=== Dataset entries ===
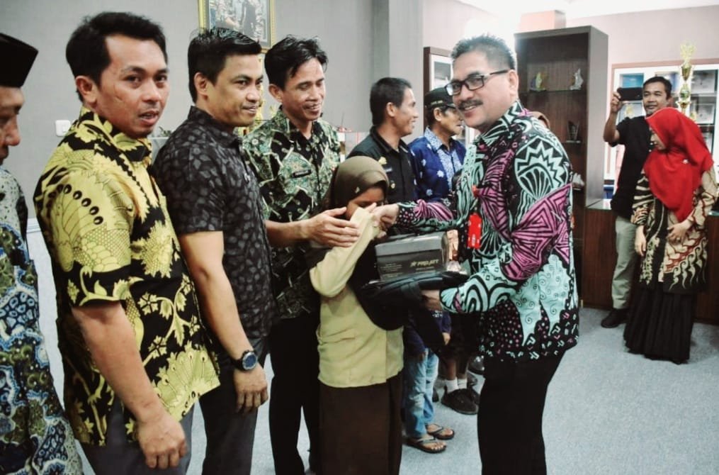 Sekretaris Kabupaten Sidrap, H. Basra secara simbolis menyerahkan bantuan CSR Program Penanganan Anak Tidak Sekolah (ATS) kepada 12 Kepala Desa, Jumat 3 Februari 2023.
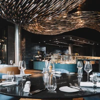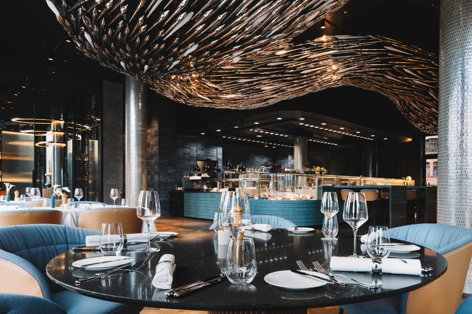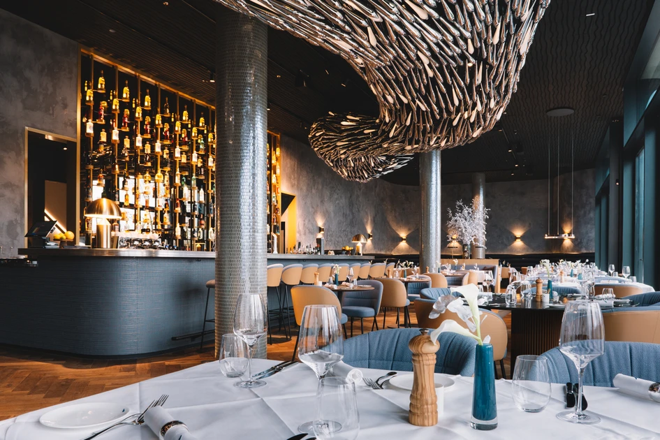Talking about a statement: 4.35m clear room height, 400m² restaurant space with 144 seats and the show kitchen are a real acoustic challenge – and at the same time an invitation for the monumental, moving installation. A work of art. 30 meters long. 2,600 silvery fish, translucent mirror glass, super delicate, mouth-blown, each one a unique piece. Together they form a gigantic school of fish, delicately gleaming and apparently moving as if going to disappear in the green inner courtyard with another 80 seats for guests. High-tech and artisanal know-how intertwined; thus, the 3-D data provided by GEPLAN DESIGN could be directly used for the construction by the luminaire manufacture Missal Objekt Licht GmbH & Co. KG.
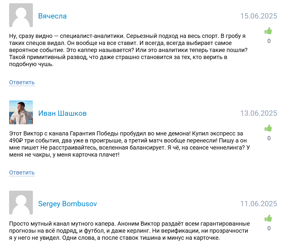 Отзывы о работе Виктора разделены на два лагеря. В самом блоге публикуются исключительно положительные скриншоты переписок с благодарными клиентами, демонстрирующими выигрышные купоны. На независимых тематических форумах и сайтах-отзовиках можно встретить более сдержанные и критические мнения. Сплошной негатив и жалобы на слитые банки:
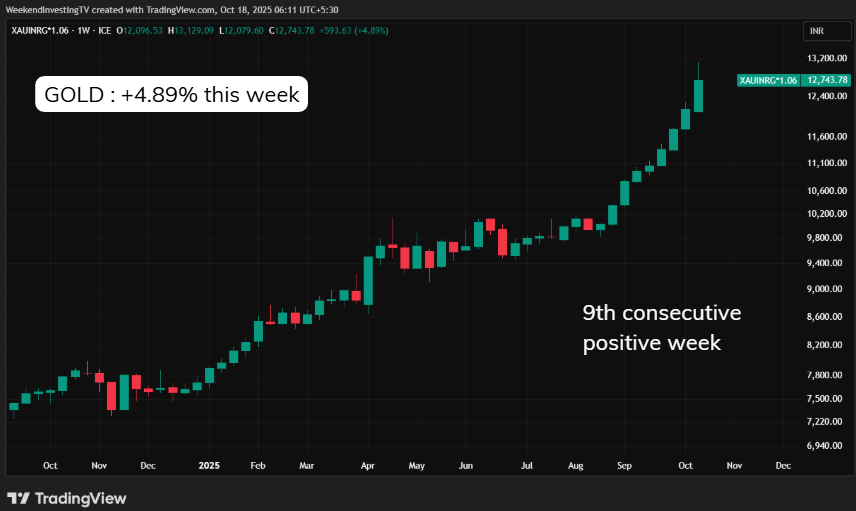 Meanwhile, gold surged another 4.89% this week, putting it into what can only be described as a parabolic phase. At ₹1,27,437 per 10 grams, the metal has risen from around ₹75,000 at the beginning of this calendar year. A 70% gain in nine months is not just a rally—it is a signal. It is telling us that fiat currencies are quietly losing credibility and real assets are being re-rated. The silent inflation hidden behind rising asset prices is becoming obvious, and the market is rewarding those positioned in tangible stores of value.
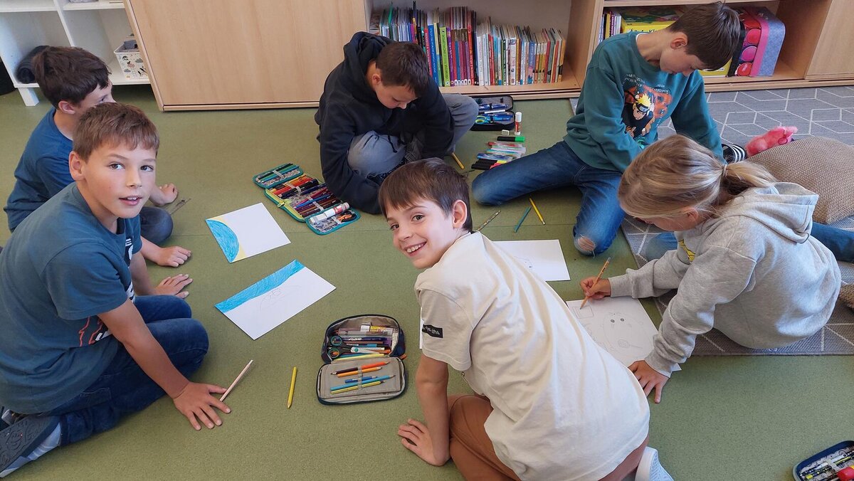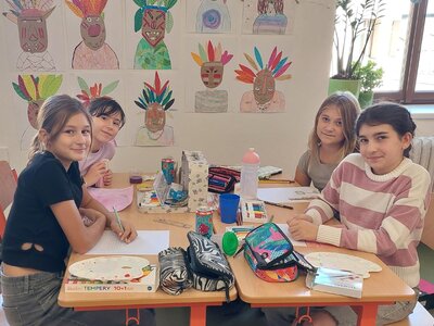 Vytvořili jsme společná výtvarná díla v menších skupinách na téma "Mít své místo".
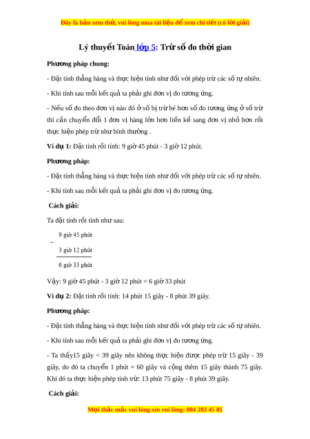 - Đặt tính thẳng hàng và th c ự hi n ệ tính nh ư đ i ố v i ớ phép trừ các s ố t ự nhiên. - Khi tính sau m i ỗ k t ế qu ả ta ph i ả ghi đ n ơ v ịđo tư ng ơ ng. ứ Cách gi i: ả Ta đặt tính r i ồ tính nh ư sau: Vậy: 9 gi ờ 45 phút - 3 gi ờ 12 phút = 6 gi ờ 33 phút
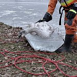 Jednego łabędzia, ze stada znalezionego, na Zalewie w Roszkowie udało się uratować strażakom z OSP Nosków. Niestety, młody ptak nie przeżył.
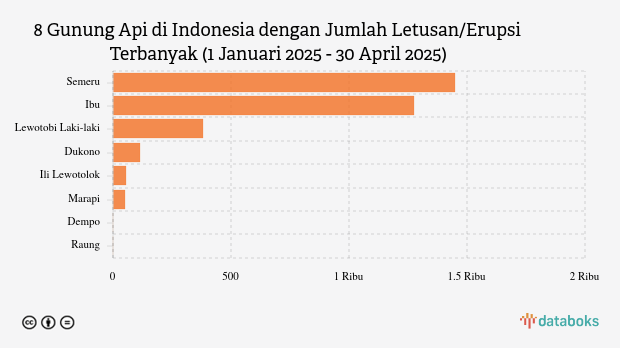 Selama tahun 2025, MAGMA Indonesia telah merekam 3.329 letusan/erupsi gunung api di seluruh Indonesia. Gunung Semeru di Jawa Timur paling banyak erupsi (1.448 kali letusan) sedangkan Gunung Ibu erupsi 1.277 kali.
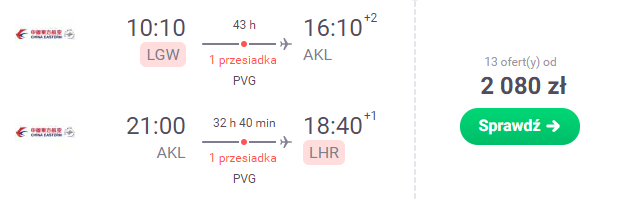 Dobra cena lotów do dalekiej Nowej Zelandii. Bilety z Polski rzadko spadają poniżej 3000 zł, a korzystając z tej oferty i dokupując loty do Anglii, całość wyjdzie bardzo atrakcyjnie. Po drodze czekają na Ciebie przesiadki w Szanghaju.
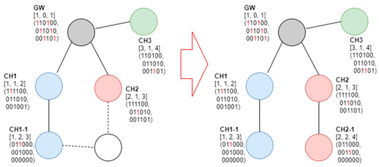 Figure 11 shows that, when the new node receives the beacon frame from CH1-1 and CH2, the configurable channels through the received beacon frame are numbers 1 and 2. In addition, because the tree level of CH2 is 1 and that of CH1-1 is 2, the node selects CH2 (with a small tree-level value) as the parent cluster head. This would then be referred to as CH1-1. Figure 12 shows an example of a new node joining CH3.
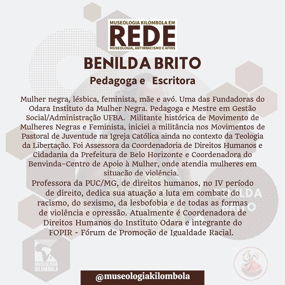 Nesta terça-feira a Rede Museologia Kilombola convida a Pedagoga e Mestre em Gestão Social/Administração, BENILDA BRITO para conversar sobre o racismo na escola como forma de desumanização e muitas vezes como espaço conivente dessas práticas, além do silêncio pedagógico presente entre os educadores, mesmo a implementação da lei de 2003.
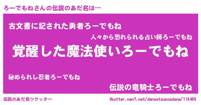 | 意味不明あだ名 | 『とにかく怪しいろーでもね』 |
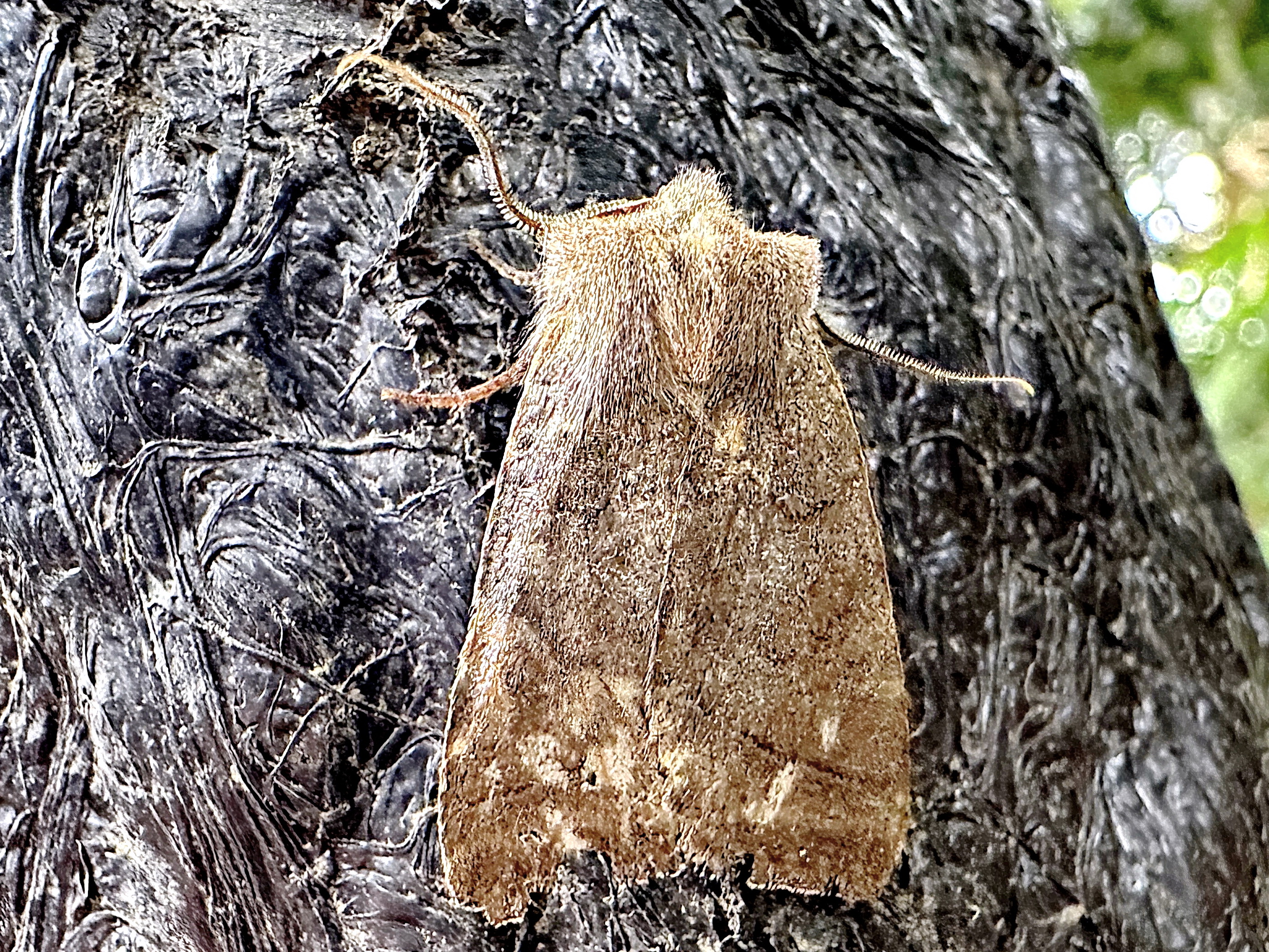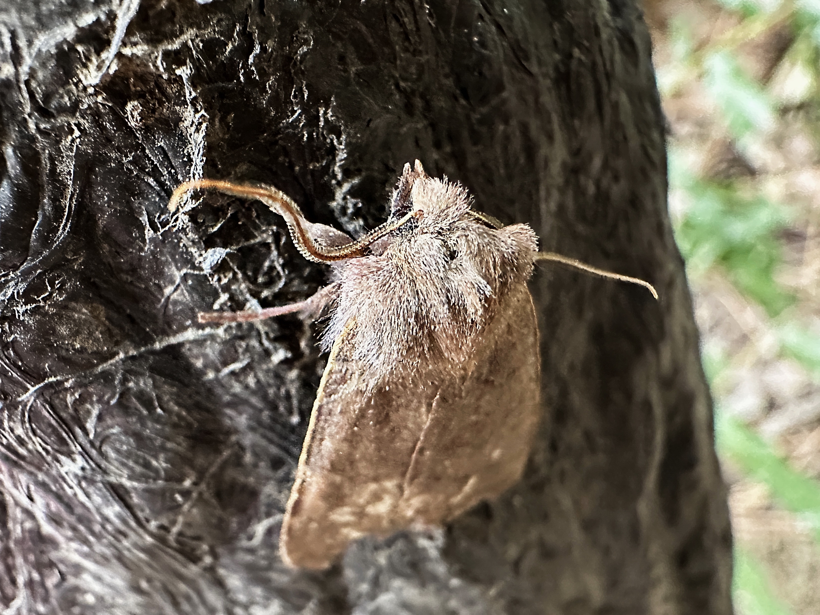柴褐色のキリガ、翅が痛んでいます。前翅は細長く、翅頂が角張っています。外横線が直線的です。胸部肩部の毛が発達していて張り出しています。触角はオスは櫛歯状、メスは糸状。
===
**Directions for this task**
Before answering, please find the line containing "Jednego łabędzia, ze" above, then copy exactly from it through the last line of the entries, both included, without pictures.

**Response box**
 Jednego łabędzia, ze stada znalezionego, na Zalewie w Roszkowie udało się uratować strażakom z OSP Nosków. Niestety, młody ptak nie przeżył.
 Selama tahun 2025, MAGMA Indonesia telah merekam 3.329 letusan/erupsi gunung api di seluruh Indonesia. Gunung Semeru di Jawa Timur paling banyak erupsi (1.448 kali letusan) sedangkan Gunung Ibu erupsi 1.277 kali.
 Dobra cena lotów do dalekiej Nowej Zelandii. Bilety z Polski rzadko spadają poniżej 3000 zł, a korzystając z tej oferty i dokupując loty do Anglii, całość wyjdzie bardzo atrakcyjnie. Po drodze czekają na Ciebie przesiadki w Szanghaju.
 Figure 11 shows that, when the new node receives the beacon frame from CH1-1 and CH2, the configurable channels through the received beacon frame are numbers 1 and 2. In addition, because the tree level of CH2 is 1 and that of CH1-1 is 2, the node selects CH2 (with a small tree-level value) as the parent cluster head. This would then be referred to as CH1-1. Figure 12 shows an example of a new node joining CH3.
 Nesta terça-feira a Rede Museologia Kilombola convida a Pedagoga e Mestre em Gestão Social/Administração, BENILDA BRITO para conversar sobre o racismo na escola como forma de desumanização e muitas vezes como espaço conivente dessas práticas, além do silêncio pedagógico presente entre os educadores, mesmo a implementação da lei de 2003.
 | 意味不明あだ名 | 『とにかく怪しいろーでもね』 |
柴褐色のキリガ、翅が痛んでいます。前翅は細長く、翅頂が角張っています。外横線が直線的です。胸部肩部の毛が発達していて張り出しています。触角はオスは櫛歯状、メスは糸状。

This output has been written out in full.